What Jesus started was a Jewish sect, which the Apostles and their followers continued after the Crucifixion. What Paul of Tarsus started was a diverse non-Jewish religion that followed Jesus' teachings and certain ideas about Jesus that Paul promulgated (although branches of it spun wide of those ideas). What the Emperor Constantine, via the bishops of his time, started was a political body that employed Christian doctrine to uphold the authority of the Empire. And it is from this Imperial Church that modern Christian doctrine in its standard form, as shared by the Orthodox, Catholic, and most Protestant Christians, derives. The idea that Christian theology and doctrine derives directly from the teachings of Christ is one for which there is no evidence, and there is much evidence from the Gospels and from the forms of worship followed by the earliest post-Crucifixion Nazarenes that he never intended to found a new religion at all.
As I said, all of that derives from accounts of other people who have undergone mystical experience. That includes Jesus, of course.
Everything in religion that is not mysticism is make-believe.

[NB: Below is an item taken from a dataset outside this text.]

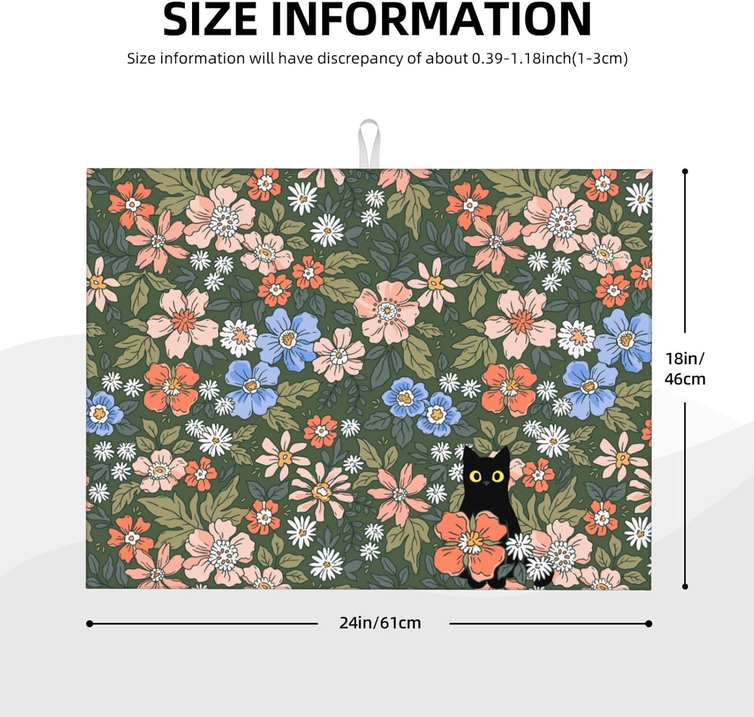 Black Cat Floral Dish Drying Mat For Kitchen Counter Absorbent Large Kitchen Fast Dry Pad Reusable Washable Protector Rack Large Mat 18 X 24

If that were true, there would be no difference between a prophet and a psychic. A prophet is not a fortune-teller; he is someone who claims to speak for God, and he can make that claim only on the basis of personal experience, and the only such experience that ever happens to anyone is mystical in nature. If he does predict the future (some prophets do, some don't), that is a power derived from his or her experience of God, and it is the experience of God that remains primary and defining.
Through his prophets, I have a tangible map of the events I am watching on TV. My God lets me know what to expect on this earth.
An interesting claim. Care to make some of those predictions public so we can test the theory?
Gentle Dragon,
Satan can make you feel like a million bucks.
I know you mean well, but you are giving kindergarten lessons to a postgraduate student. There really is not much point in doing that.